METHODS: A case-control study was performed where cases unequivocally bled (ascertained using previously published criteria) as a result of an endoscopic polypectomy (P) of the upper or lower gastrointestinal tract, an endoscopic sphincterotomy (ES), or a percutaneous endoscopic gastrostomy (PEG) occurring in a tertiary care centre with experienced endoscopists. Two or 3 controls (patients in whom no bleeding occurred) were selected randomly for each case by consulting an administrative institutional database. Matching was done by gender, age ± 15 years, time of procedure ± 2 years, and procedure-type in patients with available clinical data. Conditional logistic regression modeling was used to assess the association between exposure to anti-platelet medication (within the prior 10 days) and post-procedural bleeding while adjusting for possible confounders. The study was powered to confidently rule out a clinically significant association.

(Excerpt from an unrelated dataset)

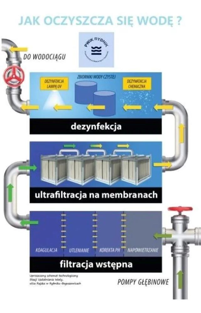 - Kolejny etap oczyszczania polega na oddzieleniu zanieczyszczeń. Woda trafia do zbiorników, gdzie znajdują się membrany ultrafiltracyjne, które składają się z wielu porowatych włókien widocznych za załączonym schemacie. Średnica pora takich membran to 0,04 µm oznacza to, że wszystkie cząstki i substancje zawieszone w wodzie, w tym bakterie i wirusy są zatrzymywane.

RESULTS: Amongst the 44 cases, 50% bled during the procedure, while 46% bled in the first 14 days thereafter, and 4% bled later yet. 50% of those who bled required blood transfusions (mean: 1.5±1.8 units). The 132 controls and 44 cases were well matched for age (69±16 vs 68±17 yrs), gender (50% female in both), PTT (normal values in 91% vs 82%), and platelet count (over 60,000´109/L in 100% in both). Differences were noted, amongst the ES group, in the prevalence of pre-procedural cholangitis (22% vs 48%), and an abnormal INR (over 1.5 in 2% vs 9%). Overall, 20% of controls and 23% of cases had been exposed to an anti-platelet agent. After adjusting for possible effects attributable to an elevated PTT, INR and the presence of cholangitis (for the ES patients), exposure to an anti-platelet agent in all patients was not associated with post-procedural bleeding (Risk Ratio = 1.04, 95% CI: 0.4–2.5).
CONCLUSION: This case-control trial provides one of very few available controlled data to support the belief that exposure to anti-platelet agents does not significantly increase the risk of clinically important bleeding post-therapeutic endoscopy.